Quels conseils souhaiteriez-vous transmettre aux futurs ingénieurs et décideurs pour contribuer eux-mêmes à la construction d’une souveraineté numérique éthique et durable ?
Les défis auxquels les jeunes générations vont faire face sont nombreux. Parmi eux : le développement spontané des usages numériques, qui génère des tensions avec les enjeux éthiques, démocratiques, environnementaux, voire de santé publique attachés à l’évolution de notre société. La réponse ne peut pas se réduire à la réglementer, mais passe par l’invention de modèles nouveaux dont nous aurions davantage la maîtrise.
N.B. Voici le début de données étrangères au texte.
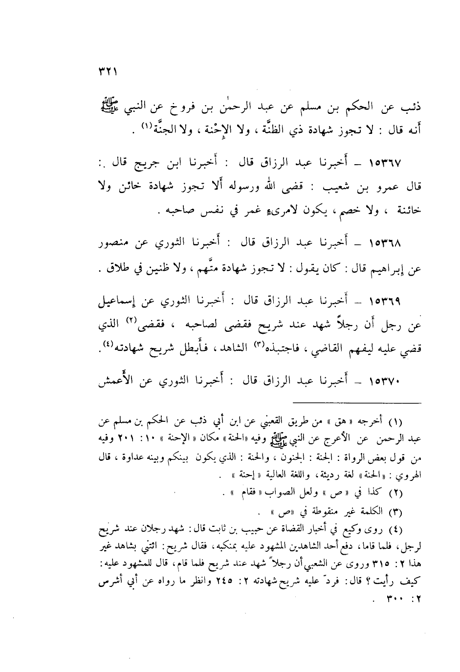 15368 - عَبْدُ الرَّزَّاقِ قَالَ: أَخْبَرَنَا الثَّوْرِيُّ، عَنْ مَنْصُورٍ، عَنْ إِبْرَاهِيمَ قَالَ: كَانَ يَقُولُ: «§لَا تَجُوزُ شَهَادَةُ مُتَّهَمٍ، وَلَا ظِنِّينٍ فِي طَلَاقٍ»

Cette ambition suppose d’aller à rebours de la tendance à externaliser la technique, le cas échéant vers des acteurs non européens. Les compétences des ingénieurs seront nécessaires pour ce faire. C’est pourquoi, si je devais me permettre de donner un conseil à de jeunes ingénieurs à l’aube de leur carrière, ce serait de privilégier dans un premier temps l’approfondissement et la consolidation de leur expertise technique par rapport à d’autres compétences utiles qui leur permettront de développer ensuite des postes de management, de stratégie ou de conseil, par exemple.
En Bref
La CNIL, autorité administrative indépendante, régule les données personnelles. Elle accompagne les professionnels dans leur mise en conformité et contrôle la mise en œuvre des traitements, à travers la gestion des plaintes, les contrôles et les sanctions. Elle aide également les particuliers à maîtriser leurs données et exercer leurs droits, conseille les pouvoirs publics et mène une activité d’innovation et de prospective.